▶ _THE PROBLEM_: Skip the pictures. Output only the lines below starting at the line with "Similar vintage Paul" and ending at the line with "Na zakończenie spotkania", both ends included, exactly as they are.

▶ _DATA SECTION_:
━━━━━━━━
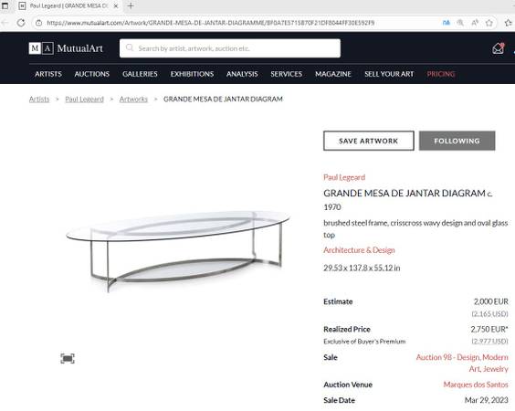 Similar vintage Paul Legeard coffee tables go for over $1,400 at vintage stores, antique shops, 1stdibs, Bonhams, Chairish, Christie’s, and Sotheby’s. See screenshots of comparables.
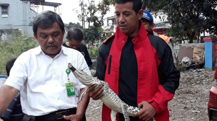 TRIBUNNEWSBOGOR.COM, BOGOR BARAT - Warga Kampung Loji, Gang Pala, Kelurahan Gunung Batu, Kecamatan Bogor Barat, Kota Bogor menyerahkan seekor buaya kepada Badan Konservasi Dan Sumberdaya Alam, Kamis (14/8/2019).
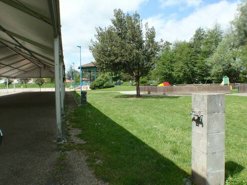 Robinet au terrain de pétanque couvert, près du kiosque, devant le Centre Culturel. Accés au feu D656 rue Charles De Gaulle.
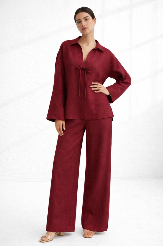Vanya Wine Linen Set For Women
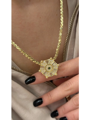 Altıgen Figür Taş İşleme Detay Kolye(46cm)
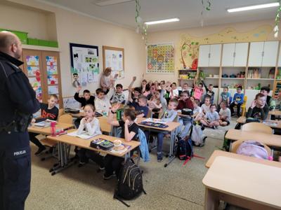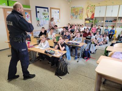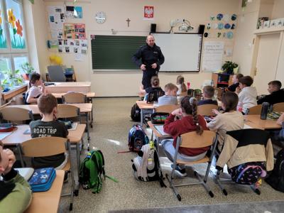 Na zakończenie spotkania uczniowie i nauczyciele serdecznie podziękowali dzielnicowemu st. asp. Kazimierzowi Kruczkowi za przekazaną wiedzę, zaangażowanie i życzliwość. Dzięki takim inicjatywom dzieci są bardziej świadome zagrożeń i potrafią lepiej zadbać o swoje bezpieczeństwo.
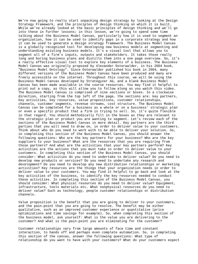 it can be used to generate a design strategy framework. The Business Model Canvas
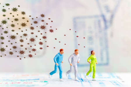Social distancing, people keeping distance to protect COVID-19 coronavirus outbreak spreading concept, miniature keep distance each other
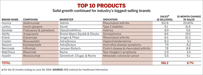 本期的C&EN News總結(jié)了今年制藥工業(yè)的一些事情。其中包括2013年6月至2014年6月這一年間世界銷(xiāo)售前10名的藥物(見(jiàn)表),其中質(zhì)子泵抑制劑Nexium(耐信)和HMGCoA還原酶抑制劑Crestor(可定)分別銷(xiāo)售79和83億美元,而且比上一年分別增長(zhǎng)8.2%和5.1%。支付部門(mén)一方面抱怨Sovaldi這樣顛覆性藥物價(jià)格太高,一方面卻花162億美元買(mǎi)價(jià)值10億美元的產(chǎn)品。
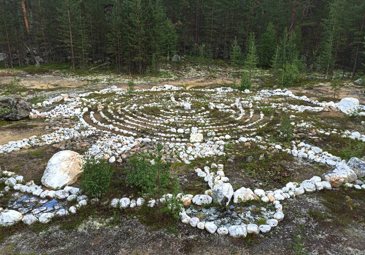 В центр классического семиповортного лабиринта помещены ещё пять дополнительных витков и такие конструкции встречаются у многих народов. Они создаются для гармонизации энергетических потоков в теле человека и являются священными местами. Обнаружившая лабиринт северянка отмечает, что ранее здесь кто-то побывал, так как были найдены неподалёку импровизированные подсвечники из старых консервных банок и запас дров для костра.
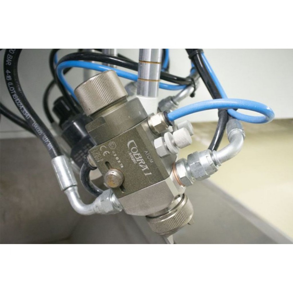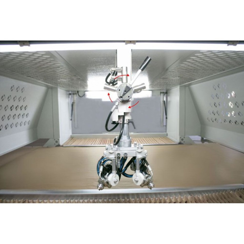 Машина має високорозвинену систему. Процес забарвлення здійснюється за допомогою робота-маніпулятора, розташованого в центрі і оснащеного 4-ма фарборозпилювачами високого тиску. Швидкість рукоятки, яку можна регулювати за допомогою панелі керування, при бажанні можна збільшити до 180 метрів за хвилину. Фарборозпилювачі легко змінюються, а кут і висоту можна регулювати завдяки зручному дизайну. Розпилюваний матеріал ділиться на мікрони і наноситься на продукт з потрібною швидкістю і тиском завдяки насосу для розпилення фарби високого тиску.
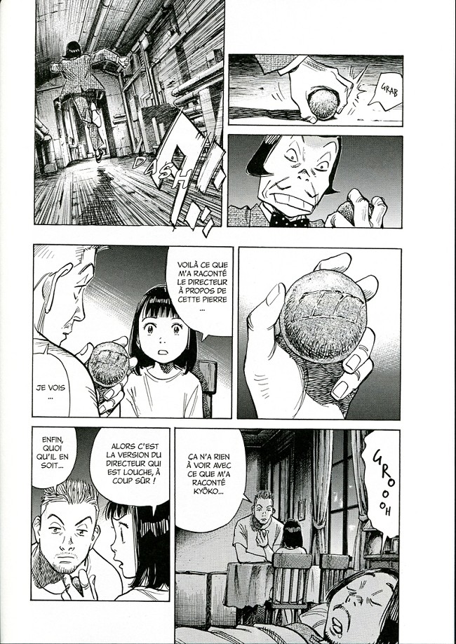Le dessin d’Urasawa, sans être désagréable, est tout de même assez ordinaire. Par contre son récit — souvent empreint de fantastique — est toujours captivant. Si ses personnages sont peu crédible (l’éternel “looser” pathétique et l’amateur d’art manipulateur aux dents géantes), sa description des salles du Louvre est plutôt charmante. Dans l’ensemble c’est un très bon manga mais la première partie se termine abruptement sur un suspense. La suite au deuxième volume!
━━━━━━━━
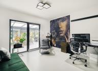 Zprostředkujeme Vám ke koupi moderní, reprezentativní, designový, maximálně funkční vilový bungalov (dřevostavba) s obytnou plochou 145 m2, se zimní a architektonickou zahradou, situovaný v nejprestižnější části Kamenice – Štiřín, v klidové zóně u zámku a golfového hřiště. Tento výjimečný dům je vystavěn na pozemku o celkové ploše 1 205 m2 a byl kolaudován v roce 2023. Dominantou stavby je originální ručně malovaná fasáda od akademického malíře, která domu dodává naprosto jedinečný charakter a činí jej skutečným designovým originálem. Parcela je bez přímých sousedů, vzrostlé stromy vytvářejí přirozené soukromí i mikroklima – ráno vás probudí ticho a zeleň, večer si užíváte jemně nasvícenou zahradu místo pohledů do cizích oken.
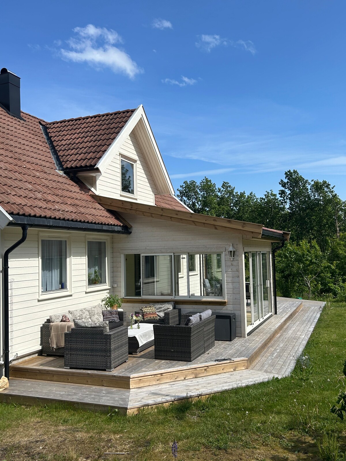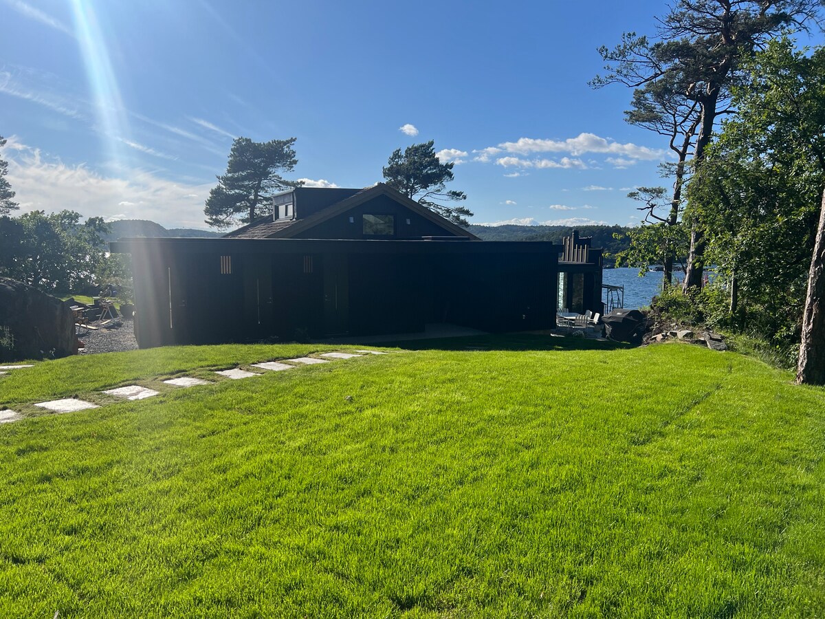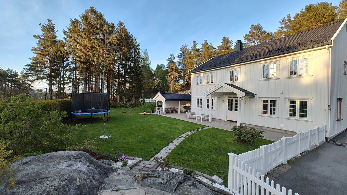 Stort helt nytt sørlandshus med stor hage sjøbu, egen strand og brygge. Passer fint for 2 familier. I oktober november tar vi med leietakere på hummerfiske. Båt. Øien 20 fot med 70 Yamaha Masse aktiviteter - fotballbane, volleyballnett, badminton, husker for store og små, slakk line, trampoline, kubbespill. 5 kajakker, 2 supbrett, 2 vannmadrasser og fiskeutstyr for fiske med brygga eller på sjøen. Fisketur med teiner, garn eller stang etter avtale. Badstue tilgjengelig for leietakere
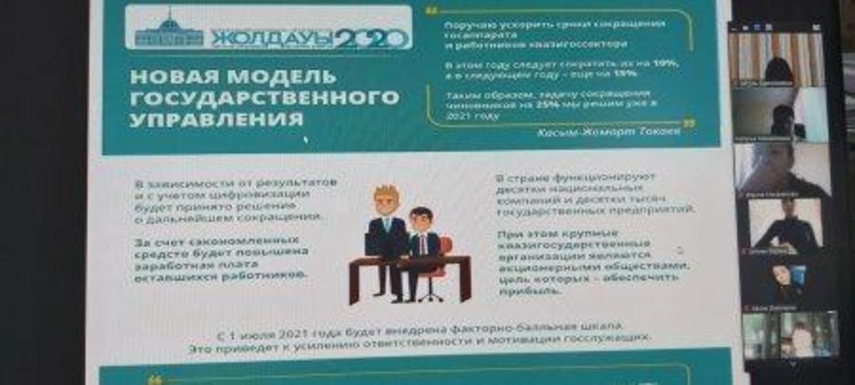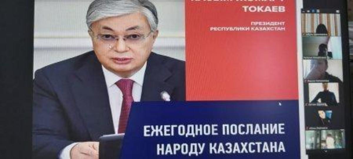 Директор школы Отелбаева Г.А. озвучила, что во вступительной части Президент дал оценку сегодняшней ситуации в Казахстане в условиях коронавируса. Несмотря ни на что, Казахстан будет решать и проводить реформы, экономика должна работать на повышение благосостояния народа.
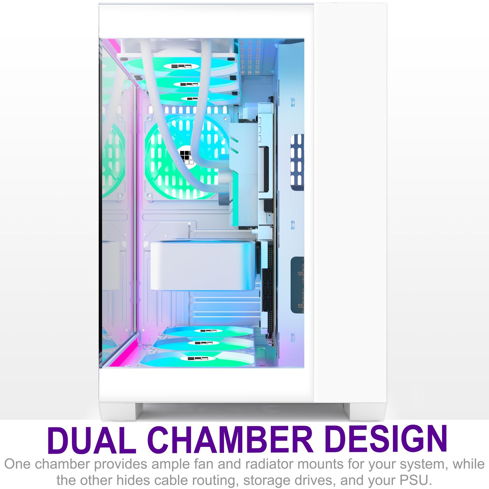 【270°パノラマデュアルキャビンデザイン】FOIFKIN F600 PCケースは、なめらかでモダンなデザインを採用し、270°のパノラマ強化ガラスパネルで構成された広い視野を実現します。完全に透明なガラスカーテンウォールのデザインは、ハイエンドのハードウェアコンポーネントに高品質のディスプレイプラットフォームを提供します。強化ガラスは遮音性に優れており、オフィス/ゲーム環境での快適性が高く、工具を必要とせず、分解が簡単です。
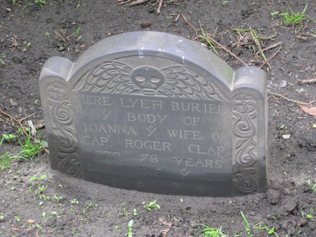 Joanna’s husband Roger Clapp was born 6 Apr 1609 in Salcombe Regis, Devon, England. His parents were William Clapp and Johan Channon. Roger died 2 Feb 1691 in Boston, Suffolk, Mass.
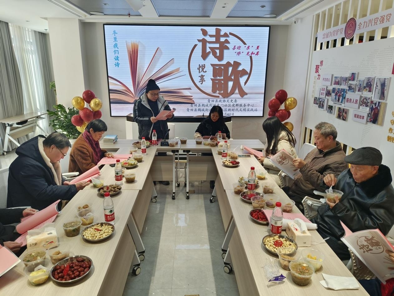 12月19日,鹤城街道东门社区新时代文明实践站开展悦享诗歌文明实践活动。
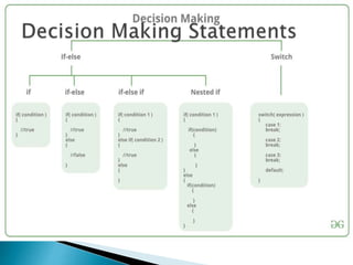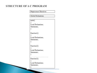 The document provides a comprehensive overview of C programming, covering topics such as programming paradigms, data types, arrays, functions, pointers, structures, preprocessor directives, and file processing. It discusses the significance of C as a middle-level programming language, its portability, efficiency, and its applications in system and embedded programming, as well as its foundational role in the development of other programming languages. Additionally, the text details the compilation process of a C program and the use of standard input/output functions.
━━━━━━━━
▶ _SOLUTION_:
 Similar vintage Paul Legeard coffee tables go for over $1,400 at vintage stores, antique shops, 1stdibs, Bonhams, Chairish, Christie’s, and Sotheby’s. See screenshots of comparables.
 TRIBUNNEWSBOGOR.COM, BOGOR BARAT - Warga Kampung Loji, Gang Pala, Kelurahan Gunung Batu, Kecamatan Bogor Barat, Kota Bogor menyerahkan seekor buaya kepada Badan Konservasi Dan Sumberdaya Alam, Kamis (14/8/2019).
 Robinet au terrain de pétanque couvert, près du kiosque, devant le Centre Culturel. Accés au feu D656 rue Charles De Gaulle.
Vanya Wine Linen Set For Women
 Altıgen Figür Taş İşleme Detay Kolye(46cm)
 Na zakończenie spotkania uczniowie i nauczyciele serdecznie podziękowali dzielnicowemu st. asp. Kazimierzowi Kruczkowi za przekazaną wiedzę, zaangażowanie i życzliwość. Dzięki takim inicjatywom dzieci są bardziej świadome zagrożeń i potrafią lepiej zadbać o swoje bezpieczeństwo.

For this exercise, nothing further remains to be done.